* [Given entries]:
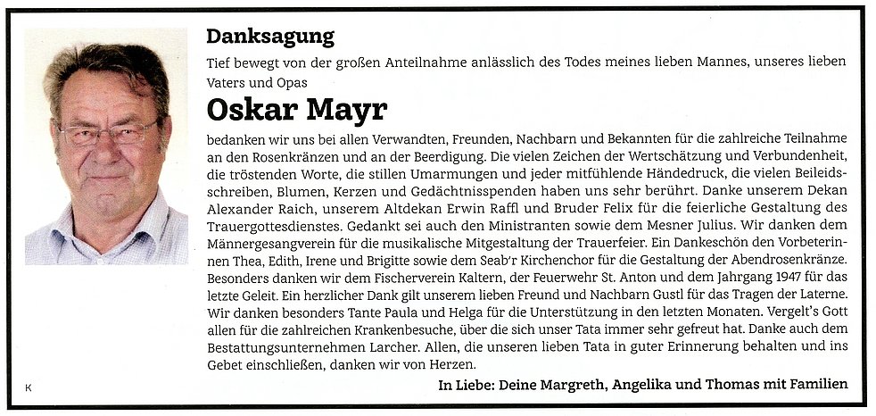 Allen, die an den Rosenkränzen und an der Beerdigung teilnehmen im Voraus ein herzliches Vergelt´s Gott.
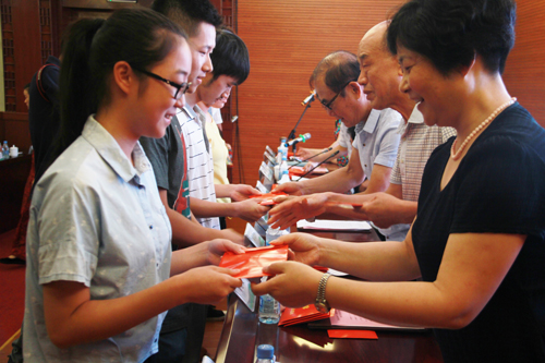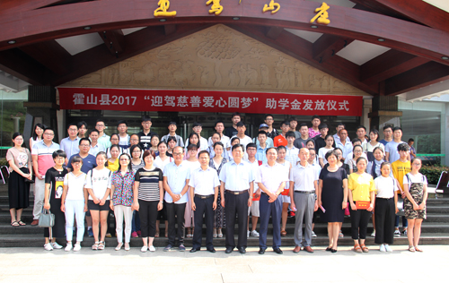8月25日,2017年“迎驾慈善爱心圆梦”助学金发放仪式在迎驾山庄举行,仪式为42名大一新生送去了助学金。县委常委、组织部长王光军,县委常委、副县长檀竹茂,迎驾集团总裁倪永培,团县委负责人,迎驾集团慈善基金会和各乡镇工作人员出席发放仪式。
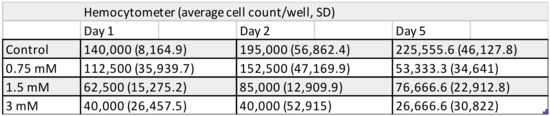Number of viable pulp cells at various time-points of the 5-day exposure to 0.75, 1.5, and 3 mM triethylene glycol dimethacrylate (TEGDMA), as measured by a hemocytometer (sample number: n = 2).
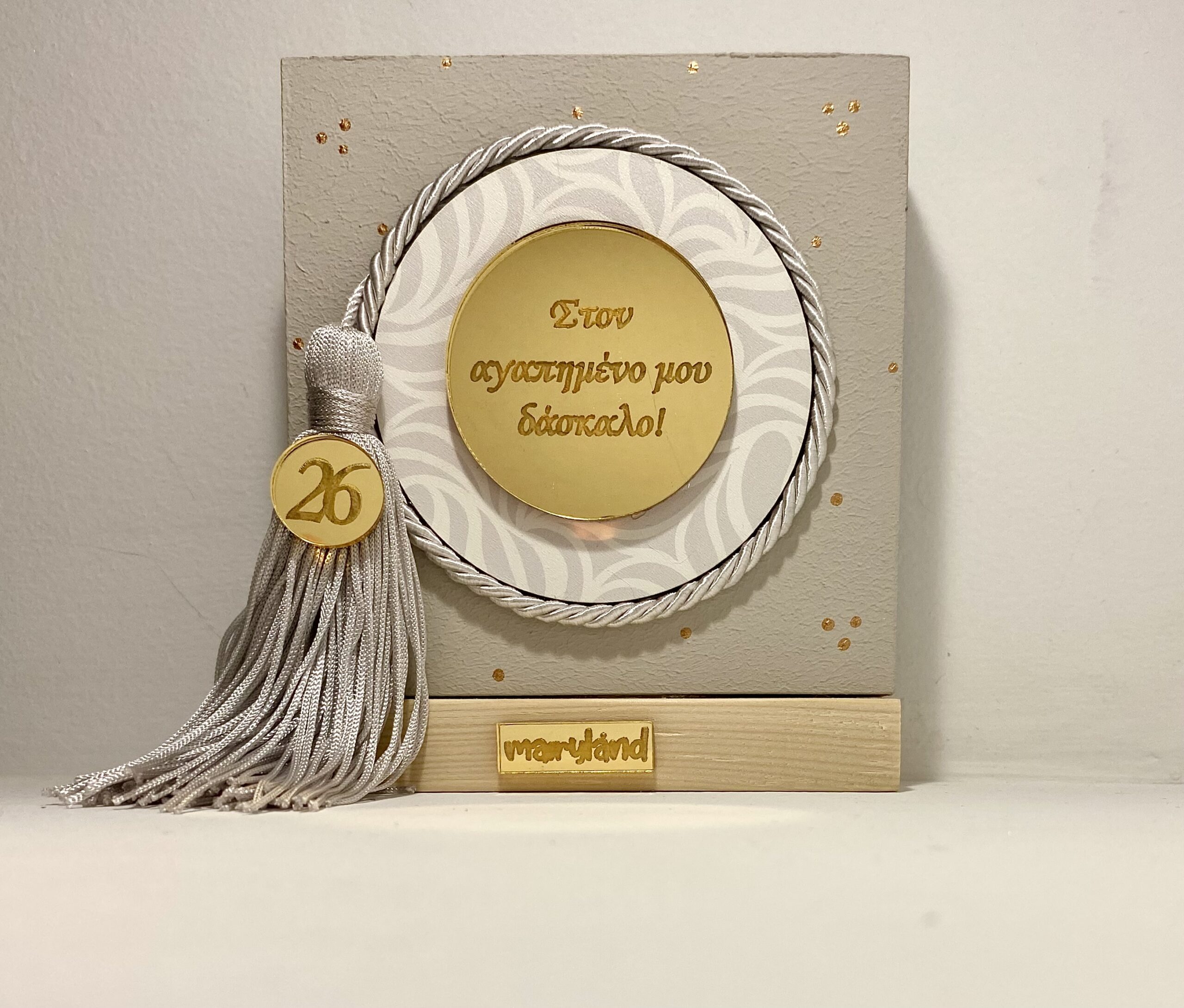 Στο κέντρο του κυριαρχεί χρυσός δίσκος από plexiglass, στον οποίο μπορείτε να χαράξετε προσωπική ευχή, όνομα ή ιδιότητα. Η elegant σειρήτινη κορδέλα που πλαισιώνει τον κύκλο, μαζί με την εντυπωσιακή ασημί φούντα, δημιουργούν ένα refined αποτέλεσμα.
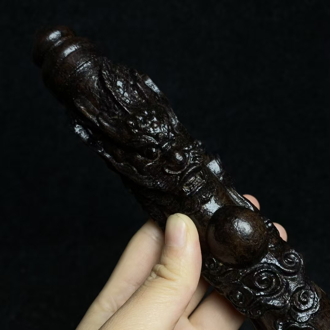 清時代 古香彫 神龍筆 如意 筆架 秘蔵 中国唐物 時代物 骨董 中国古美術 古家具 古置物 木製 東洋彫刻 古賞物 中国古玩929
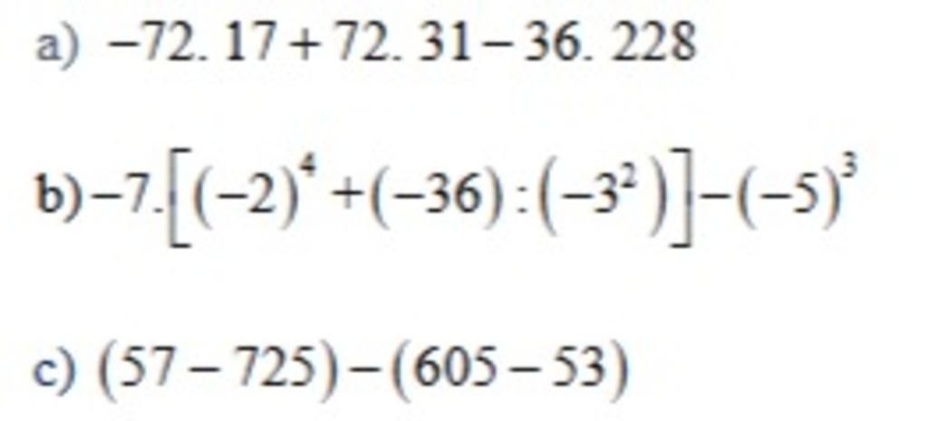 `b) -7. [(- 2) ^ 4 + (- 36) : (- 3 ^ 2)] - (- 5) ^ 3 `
==
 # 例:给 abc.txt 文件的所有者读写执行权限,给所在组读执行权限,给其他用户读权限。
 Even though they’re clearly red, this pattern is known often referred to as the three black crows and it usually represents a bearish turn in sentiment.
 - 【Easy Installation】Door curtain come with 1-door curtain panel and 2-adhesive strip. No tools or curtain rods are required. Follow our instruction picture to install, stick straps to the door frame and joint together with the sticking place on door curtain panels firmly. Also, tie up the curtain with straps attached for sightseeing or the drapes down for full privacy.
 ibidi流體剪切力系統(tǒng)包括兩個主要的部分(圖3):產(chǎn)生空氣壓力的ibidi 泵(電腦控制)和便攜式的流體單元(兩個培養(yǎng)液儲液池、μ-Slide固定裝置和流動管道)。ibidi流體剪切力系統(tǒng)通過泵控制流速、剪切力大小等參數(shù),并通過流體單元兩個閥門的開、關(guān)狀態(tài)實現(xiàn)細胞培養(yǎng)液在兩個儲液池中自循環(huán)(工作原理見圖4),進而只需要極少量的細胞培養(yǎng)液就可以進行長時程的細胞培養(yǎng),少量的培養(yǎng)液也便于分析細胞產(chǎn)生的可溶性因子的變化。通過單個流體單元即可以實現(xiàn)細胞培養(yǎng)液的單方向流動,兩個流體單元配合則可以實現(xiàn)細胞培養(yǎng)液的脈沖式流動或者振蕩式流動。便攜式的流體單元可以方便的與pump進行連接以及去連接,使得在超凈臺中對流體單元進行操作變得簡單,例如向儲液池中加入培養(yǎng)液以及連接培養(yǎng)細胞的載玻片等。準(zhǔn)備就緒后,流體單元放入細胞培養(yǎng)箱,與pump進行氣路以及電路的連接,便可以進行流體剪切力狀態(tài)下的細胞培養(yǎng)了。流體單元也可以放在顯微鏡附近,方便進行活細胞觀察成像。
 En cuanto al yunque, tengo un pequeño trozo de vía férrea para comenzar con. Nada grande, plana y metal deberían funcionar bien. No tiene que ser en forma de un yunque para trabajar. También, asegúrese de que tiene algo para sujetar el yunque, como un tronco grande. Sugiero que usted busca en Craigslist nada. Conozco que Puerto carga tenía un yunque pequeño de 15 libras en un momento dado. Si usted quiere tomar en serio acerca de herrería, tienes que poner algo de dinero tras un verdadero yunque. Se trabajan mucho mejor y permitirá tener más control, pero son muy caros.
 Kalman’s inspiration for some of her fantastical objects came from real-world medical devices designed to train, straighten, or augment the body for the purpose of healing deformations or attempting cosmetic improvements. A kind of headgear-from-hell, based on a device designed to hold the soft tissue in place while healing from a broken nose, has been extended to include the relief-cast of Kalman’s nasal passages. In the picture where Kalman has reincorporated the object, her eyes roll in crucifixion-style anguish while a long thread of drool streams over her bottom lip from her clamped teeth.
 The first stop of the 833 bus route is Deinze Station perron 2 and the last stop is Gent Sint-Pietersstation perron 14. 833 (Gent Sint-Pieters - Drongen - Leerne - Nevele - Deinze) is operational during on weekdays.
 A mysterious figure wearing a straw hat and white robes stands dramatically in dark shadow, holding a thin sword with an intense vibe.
==
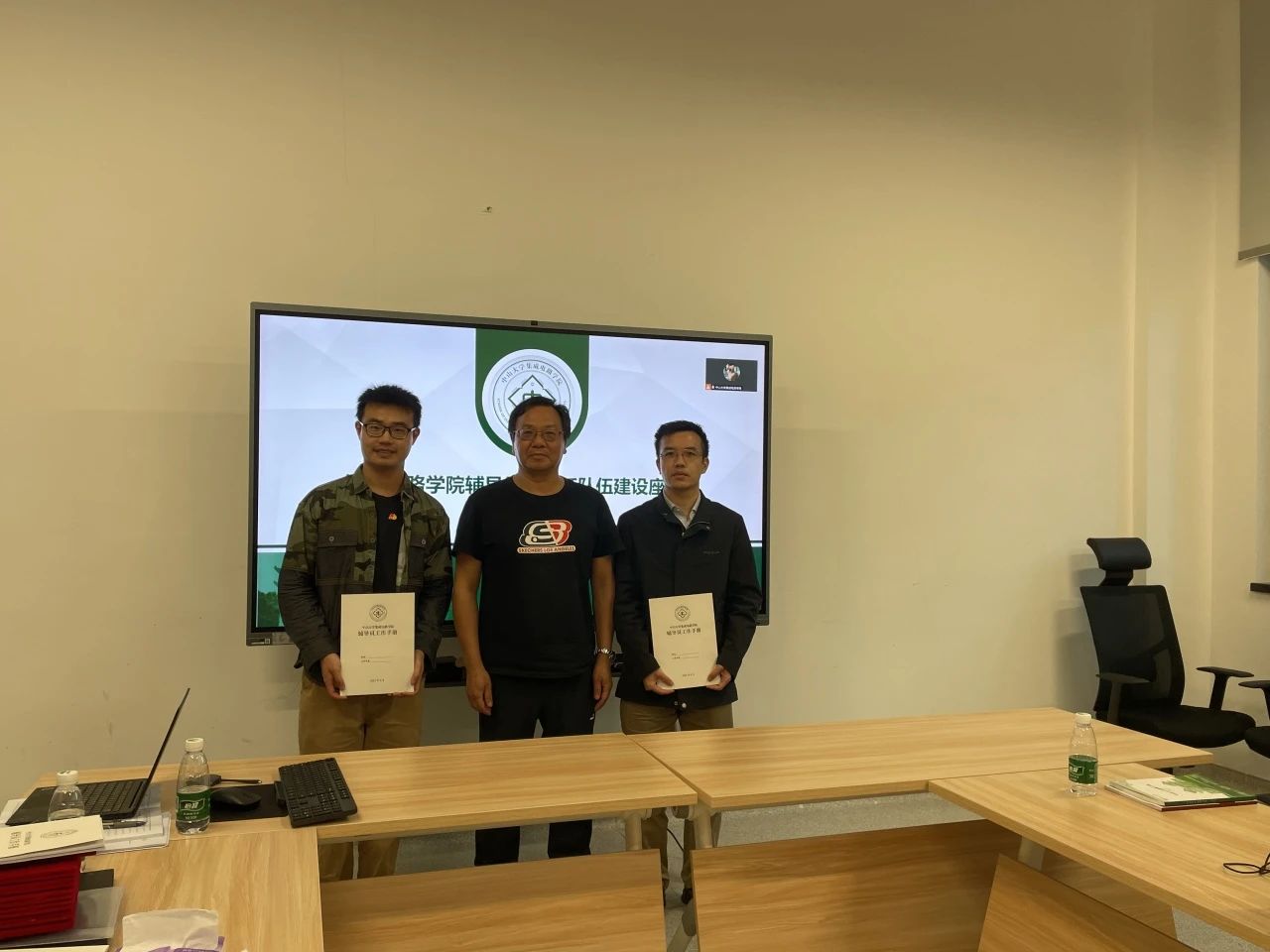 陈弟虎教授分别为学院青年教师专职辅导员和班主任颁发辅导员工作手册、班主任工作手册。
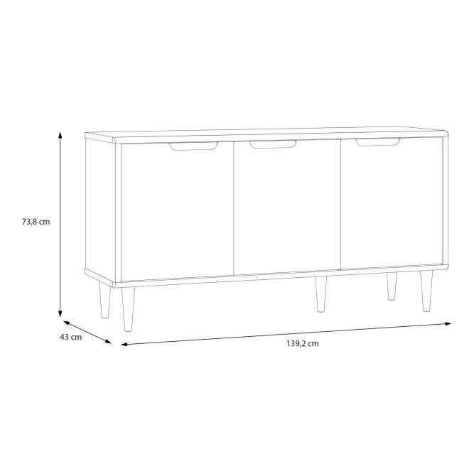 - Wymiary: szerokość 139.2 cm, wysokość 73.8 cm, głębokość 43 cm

* [Exercise]:
In the records above, find the lines containing "with" and copy them.

* [Task response]:
 - 【Easy Installation】Door curtain come with 1-door curtain panel and 2-adhesive strip. No tools or curtain rods are required. Follow our instruction picture to install, stick straps to the door frame and joint together with the sticking place on door curtain panels firmly. Also, tie up the curtain with straps attached for sightseeing or the drapes down for full privacy.
 A mysterious figure wearing a straw hat and white robes stands dramatically in dark shadow, holding a thin sword with an intense vibe.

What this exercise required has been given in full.